High-flow continuous hemodiafiltration (HF-CHDF) combines diffusive and convective solute removal and is employed for artificial liver adjuvant therapy. However, there is no report on dosage planning of vancomycin (VCM) in patients with acute liver failure under HF-CHDF.

Case presentation

A 20-year-old woman (154 cm tall, weighing 50 kg) was transferred to the intensive care unit (ICU) with acute liver failure associated with autoimmune liver disease. On the following day, HF-CHDF was started due to elevated plasma ammonia concentration. On ICU day 8, VCM was started for suspected pneumonia and meningitis (30 mg/kg loading dose, then 20 mg/kg every 12 hrs). However, on ICU day 10, VCM blood concentration was under the limit of detection (< 3.0 μg/mL) and the patient developed anuria. The VCM dose was increased to 20 mg/kg every 6 hrs. Calculation with a one-compartment model using the HF-CHDF blood flow rate as a surrogate for VCM clearance, together with hematocrit and protein binding ratio, predicted a trough VCM blood concentration of 15 μg/mL. The observed concentration was about 12 μg/mL. The difference may represent non-HF-CHDF clearance. Finally, living donor liver transplantation was performed.


We report an acute liver failure patient with anuria under HF-CHDF in whom VCM administration failed to produce an effective blood concentration, likely due to HF-CHDF-enhanced clearance. VCM dosage adjustment proved successful, and was confirmed by calculation using a one-compartment model.


High-flow continuous hemodiafiltration (HF-CHDF) is used as artificial liver adjuvant therapy for blood purification in acute liver failure [1,2,3], since it efficiently removes small-molecular compounds such as ammonia (NH3) and pathogenic cytokines, and promotes emergence from hepatic coma [1, 3]. However, coadministered therapeutic drugs with low molecular weight and low protein binding rate are also easily removed [4, 5], so it is necessary to ensure an appropriate administration dosage and schedule for patients receiving drug treatments.

Vancomycin (VCM) is a glycopeptide antibiotic with activity against methicillin-resistant Staphylococcus aureus (MRSA). To ensure efficacy and to avoid adverse effects of VCM, therapeutic drug monitoring is critically important [6]. Furthermore, since VCM is removed by hemodiafiltration [7], individual dosage design is essential [8,9,10].

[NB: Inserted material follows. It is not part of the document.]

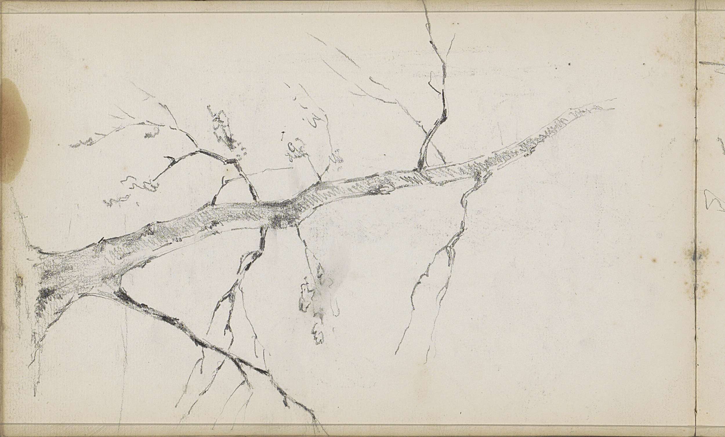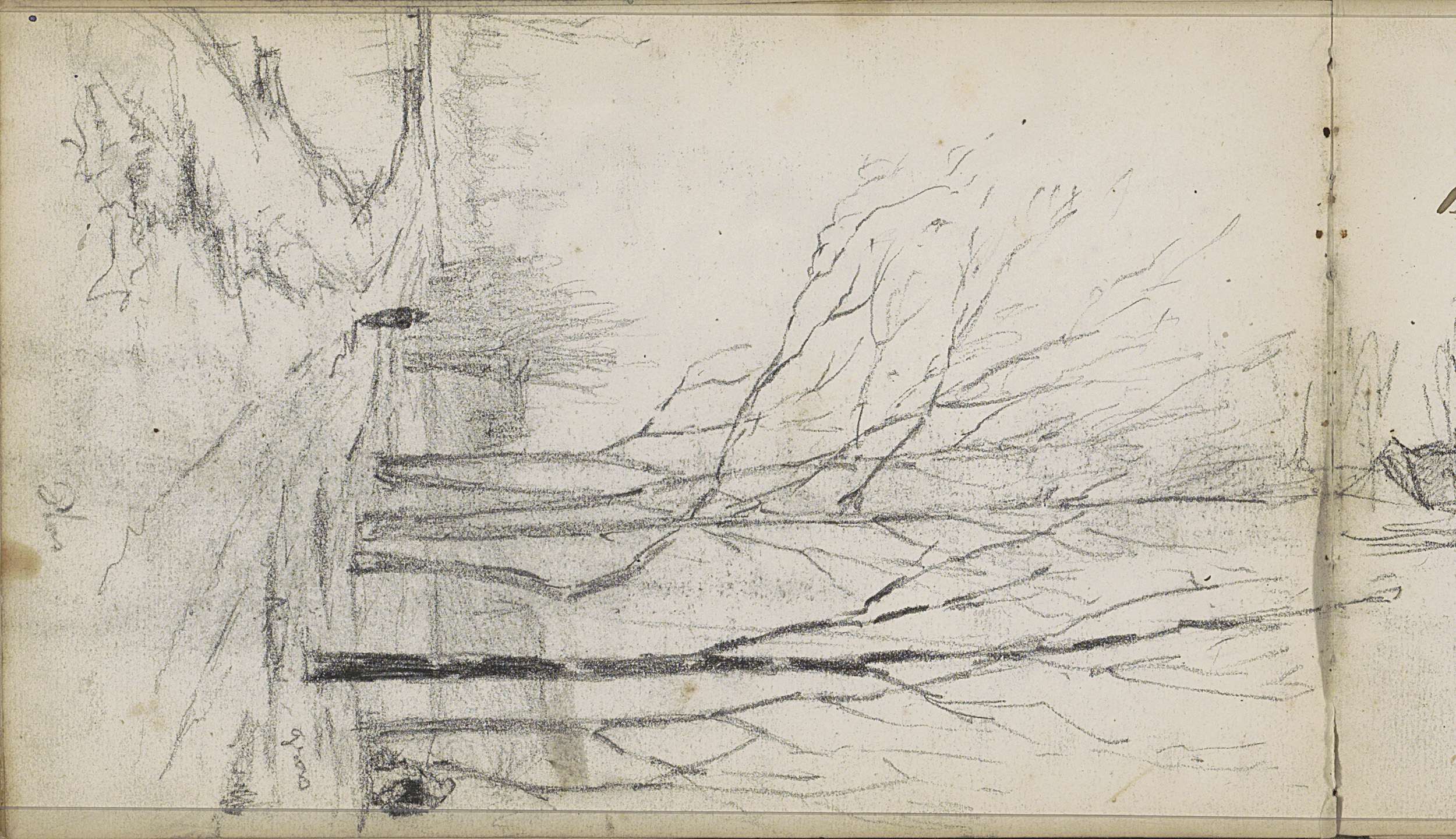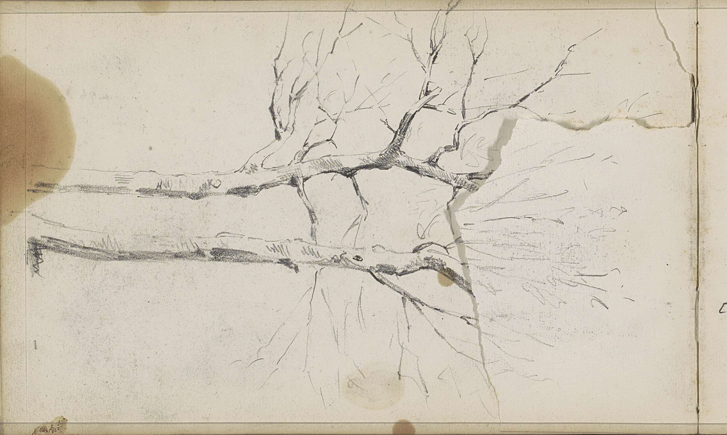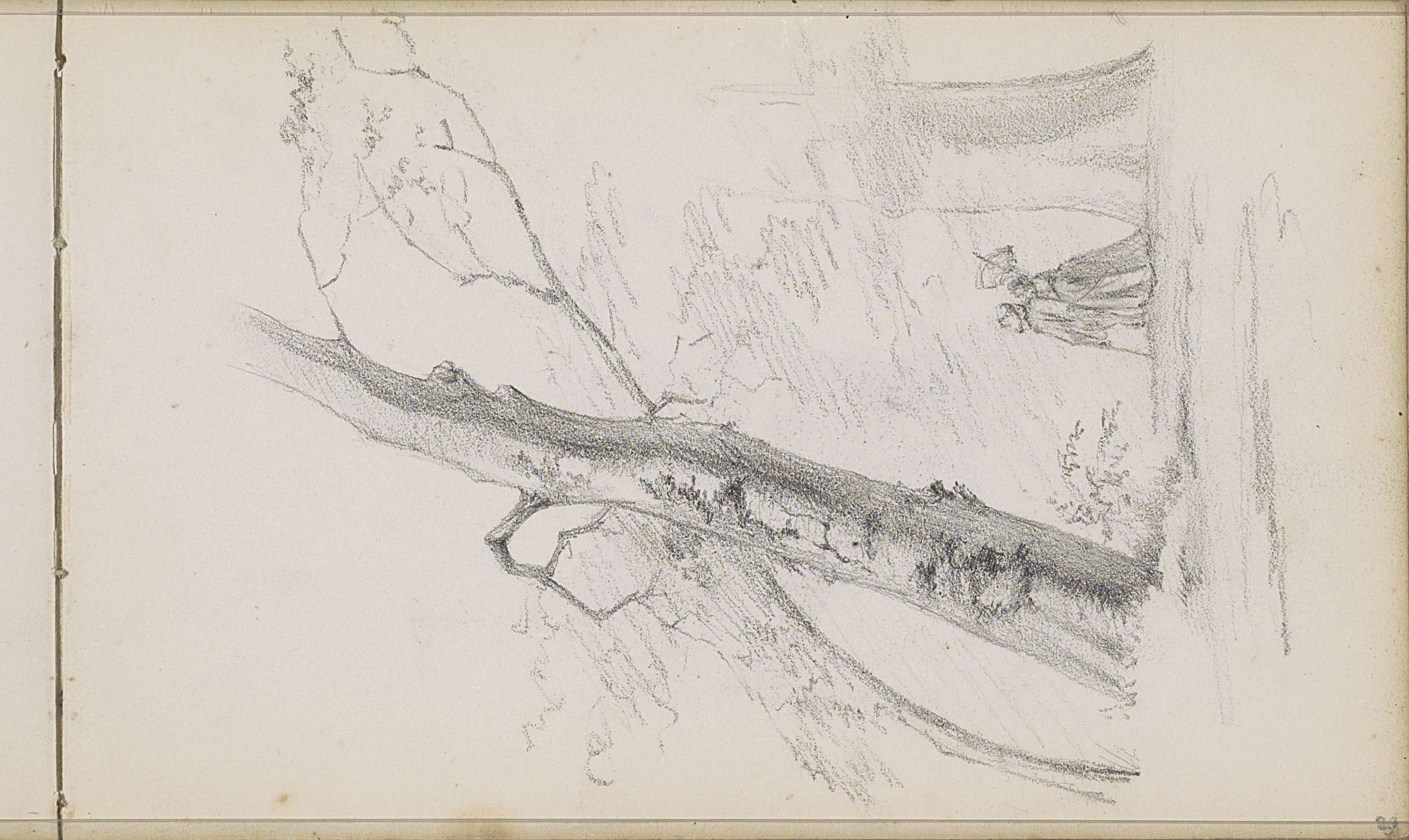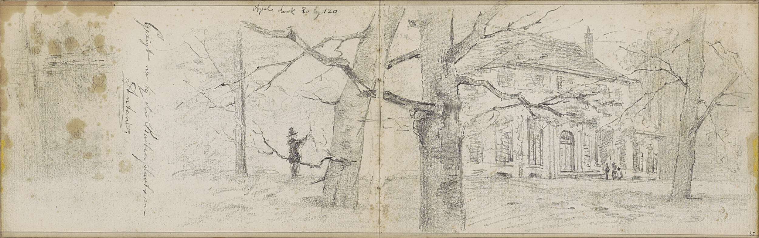 Studieblad met een boom en zittende naakte figuren
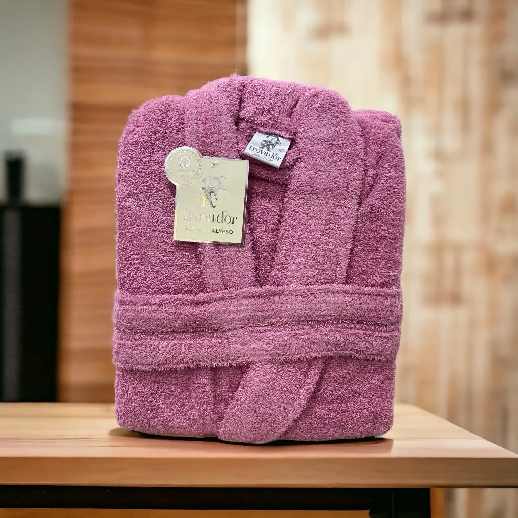 Albornoz color hortensia 100% algodón con la garantía de la marca Trovador. Con tejido de 400gr/m2 y tratamiento de alta absorción.

CHDF, used for renal replacement therapy, is a continuous dialysis method that reduces the blood and diafiltrate flow rates (generally, blood flow rate: about 80 ~ 100 mL/min > dialysis flow rate + filtration flow rate: about 10 ~ 25 mL/min) compared with normal dialysis. However, we experienced a case of vancomycin administration under HF-CHDF, involving continuous high-flow on-line hemodiafiltration (on-line HDF) (blood flow rate: 200 mL/min < dialysis flow rate + filtration flow rate: 600 mL/min) for 24 hrs. Although VCM clearance during 4 hrs of on-line HDF has been examined [11], there is no report on the dosage design of VCM during HF-CHDF.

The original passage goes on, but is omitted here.